Other transformations on contracts
A few other transformations were needed to make contracts provable with SPARK 2014. In particular, it was necessary to change a number of "and" logical operations into their short-circuit version "and then". See for example this part of the precondition of Processing in tismain.adb:
(if (Admin.IsDoingOp(TheAdmin) and
Admin.TheCurrentOp(TheAdmin) = Admin.OverrideLock)
then
Admin.RolePresent(TheAdmin) = PrivTypes.Guard)
The issue was that calling TheCurrentOp requires that IsDoingOp holds:
function TheCurrentOp (TheAdmin : T) return OpT
with Global => null,
Pre => IsDoingOp (TheAdmin);
Since "and" logical operation evaluates both its operands, TheCurrentOp will also be called in contexts where IsDoingOp does not hold, thus leading to a precondition failure. The fix is simply to use the short-circuit equivalent:
(if (Admin.IsDoingOp(TheAdmin) and then
Admin.TheCurrentOp(TheAdmin) = Admin.OverrideLock)
then
Admin.RolePresent(TheAdmin) = PrivTypes.Guard)

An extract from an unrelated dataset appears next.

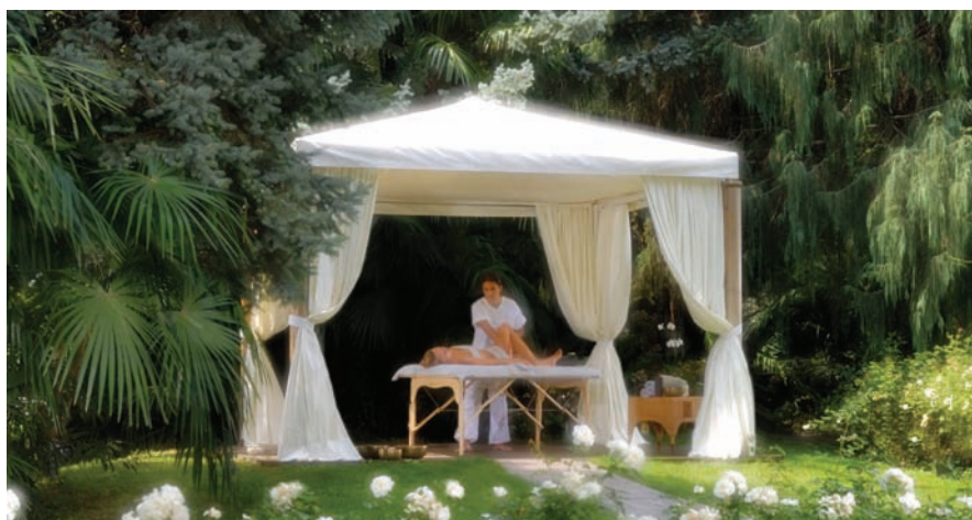
Massage im Freien: Du Lac et Du Parc Grand Resort - Riva del Garda

Das 11.500 m 2 große, äußerst gepflegte Hotelareal von Corte Valier an Lazises Südufer ist für Erholungssuchende geschaffen. In dieser fünf Gehwegminuten von der Altstadt entfernten Oase wurde alles großzügig gehalten, die Zimmer, der Beauty- und Wellnessbereich, der Indoor-Pool, der Garten. Ein großzügiger Blick über den gesamten südlichen Gardasee macht das Urlaubsfeeling perfekt.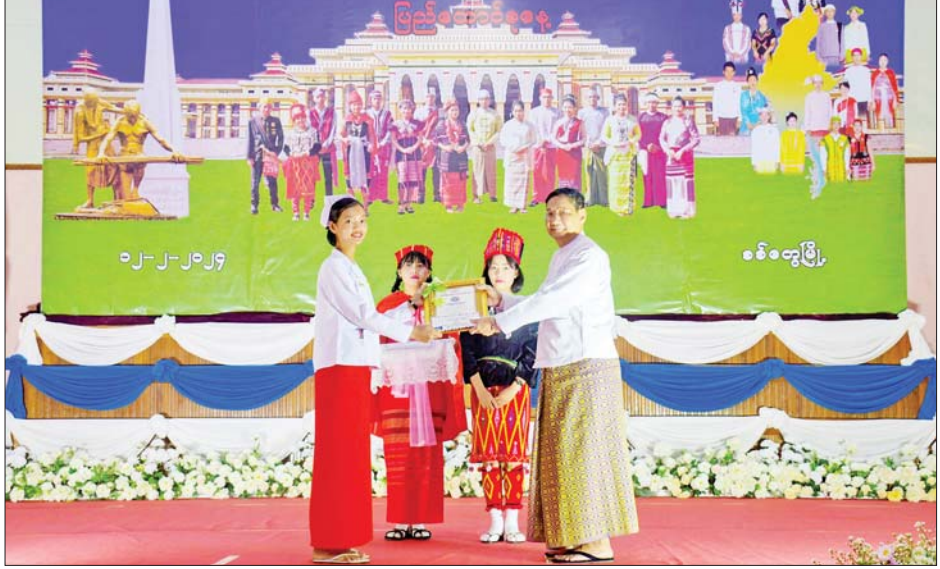
နိုင်ငံတော်စီမံအုပ်ချုပ်ရေးကောင်စီအဖွဲ့ဝင် ဒေါက်တာဘရွှေ အဆင့်မြင့်ပညာအဆင့် စာစီစာကုံး ပြိုင်ပွဲတွင် ဆုရရှိသူတစ်ဦးအား ဆုပေးအပ်ချီးမြှင့်စဉ်။

ဆက်လက်၍ ဒုတိယဝန်ကြီး ဦးဇော်အေးမောင်က ဝန်ထမ်းများ လိုက်နာဆောင်ရွက်ရမည့် ကိစ္စ များ လုံခြုံရေးကိစ္စများနှင့် ပတ်သက်၍ ရှင်းလင်းပြောကြား ပြီး ပြည်နယ်ဝန်ကြီးချုပ်က ပြည်နယ်အစိုးရအဖွဲ့မှ ပြည်ထောင်စု နိုင်ငံတော်စီမံအုပ်ချုပ်ရေးကောင်စီဝင်က နိဂုံးချုပ်အမှာ စကား ပြောကြားသည်။

We also added a few loop invariants that were missing.
What about security?
You can read the original Tokeneer report for a description of the security properties that were provably enforced through formal verification.

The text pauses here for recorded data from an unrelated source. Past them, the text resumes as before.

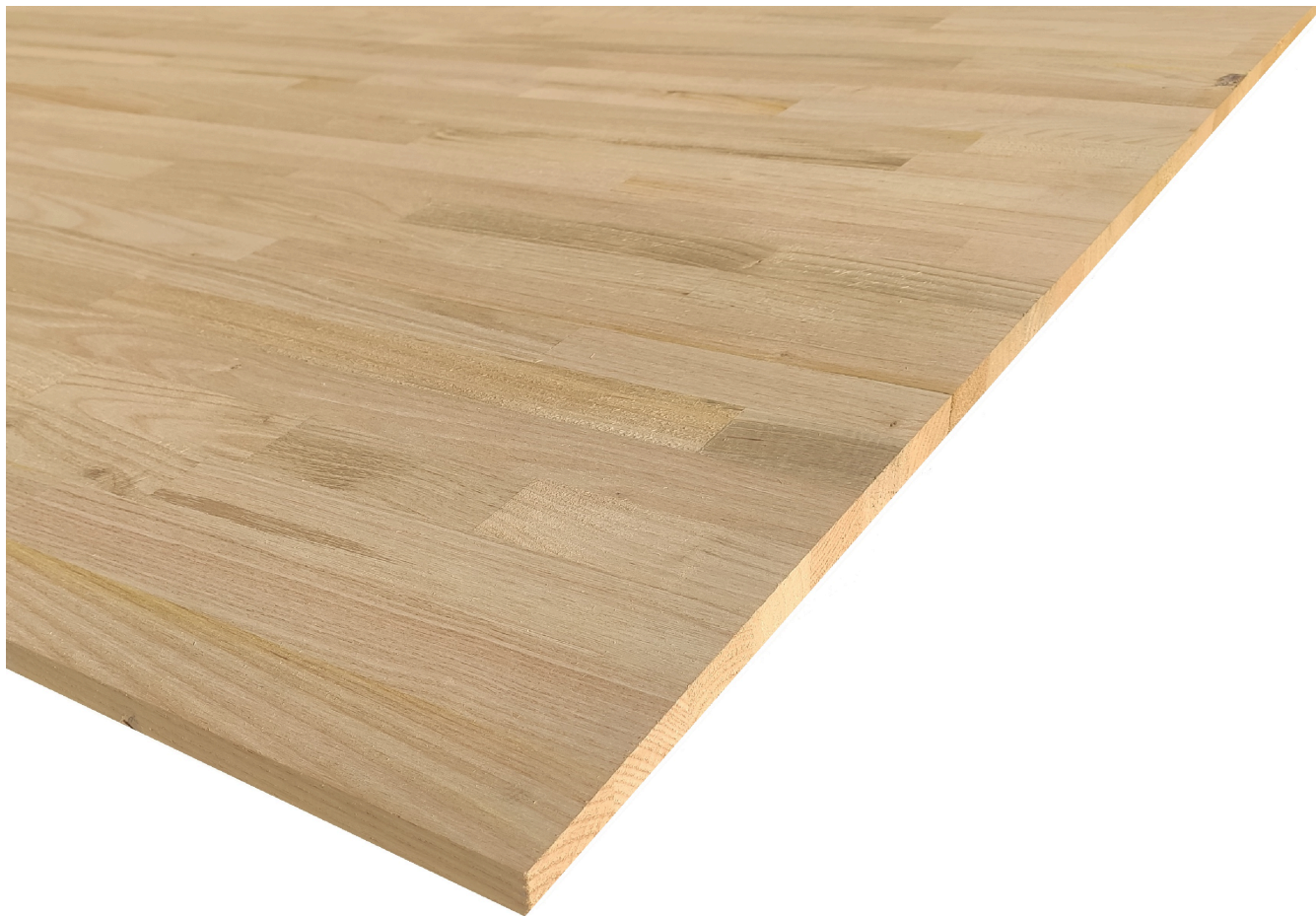
Pannello Lamellare Castagno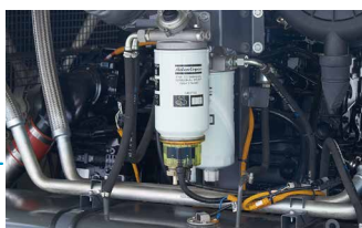
三重油滤，安全可靠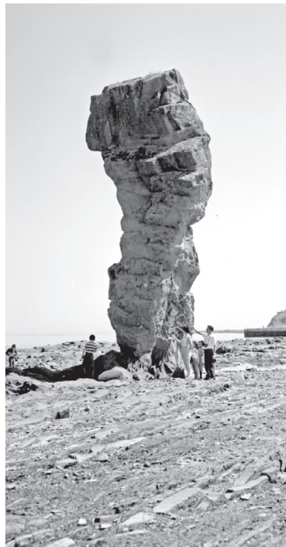
Ce monolithe est à l'origine du toponyme Tourelle.

Je fais ici un exercice qui illustre ce phénomène à partir d'une localité que je connais bien, Cap-Chat. Dans le langage courant des cap-chatiens, on entendra : la pointe au Goémon, l'Anse, la pointe à Mira, la pointe des Gagnon, le banc de Sable, le village de l'Anse, le Petit-Cordon, le Petit-Fonds, le Grand-Fonds, la coulée serrée, la côte à tuer, les crans-serrés, le plaqué des Belones, le ruisseau des Glaises, la Fonderie,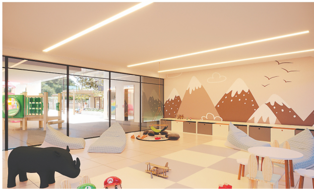
Briquadoteca montada para a criançada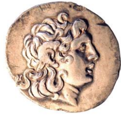
Buste d'Alexandre le Grand/ Athéna assise 4 e siècle (365 à 323) av. J.-C. Thrace

Ce n'est qu'à partir d'Alexandre le Grand que vont apparaître les portraits plus ou moins réalistes, sur les monnaies.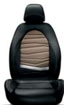
Sprint Nero-Bronzo 323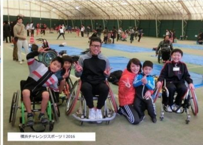
横浜チャレンジャーズスポーツ 2016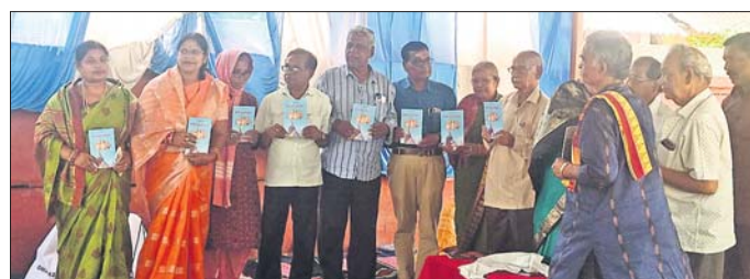
ଅତିଥିମାନେ ପୁସ୍ତକା ଉନ୍ମୋଚନ କରୁଛନ୍ତି ।

To demonstrate that indeed formal verification brings assurance that some security vulnerabilities are not present, we have seeded four vulnerabilities in the code, and reanalyzed it. The analysis of GNATprove (either through flow analysis or proof) detected all four: an information leak, a back door, a buffer overflow and an implementation flaw. You can see that in action in this short 4-minutes video.